In August 2016 I challenged myself to attempt the familiar system of writing a poem a day.  I was also influenced in this decision by  the practice of American poet William Stafford who said that he always wrote a poem a day and that it did not matter if it was good or bad.  This was very affirming.  I wrote a poem a day from from August 2016 to February 2017, when I pretty much hit the wall and stopped, though I have added some extra poems when over several days the mood has returned.  These poems are currently put aside in incubation mode and I shall return to them at a future date, when time has de-familiarised them.  In the opening poems of the poem-a-day process I found myself writing journal-type poems about the weather or about what I saw from my window, but as I continued the project the subjects grew deeper and darker, and the entire process was very involving, and led me to avenues I would not have discerned otherwise in my writing.

I am also writing a series of short poems on my phone.
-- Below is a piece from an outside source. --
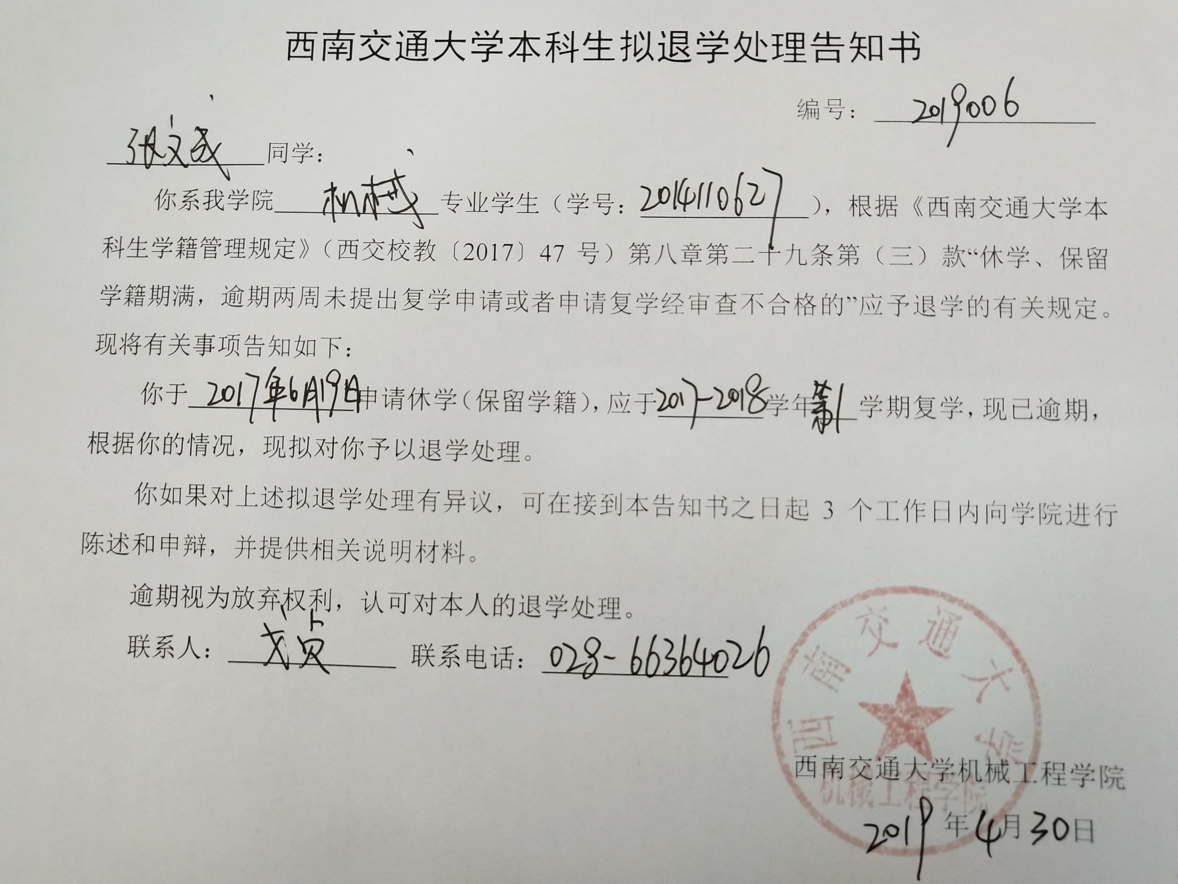 关于拟对李松锐、张文成2名同学作出退学处理的告知书

I call these ‘Phone Poems’.  I began doing this when I got a new phone this summer, and the first poems are about visiting Reykjavik.

Later this month (October) I’m publishing a collection of poems inspired by the Lizard Peninsula in Cornwall, written in collaboration with my friend and co-poet Alyson Hallett, This book is called Lzrd, and is published by Indigo Dreams Publications.  We’ll be launching it in Falmouth at the Cornwall Contemporary Poetry Festival on the 23rd November.

I’m also looking back over the various short stories I have published over the years.  This is proving a strange and interesting  process, taking me back in writing’s time machine to much earlier modes. I have not written stories for a while but my interest has re-awakened.

I have new poems appearing shortly in Poetry, Ambit, Artemis, and Magma.

And I’m reading as much poetry by a wide range of poets as I can.  As usual.  And in the field of prose writing I am, as I say, reading all the novels and short stories of Australian writer Beverley Farmer.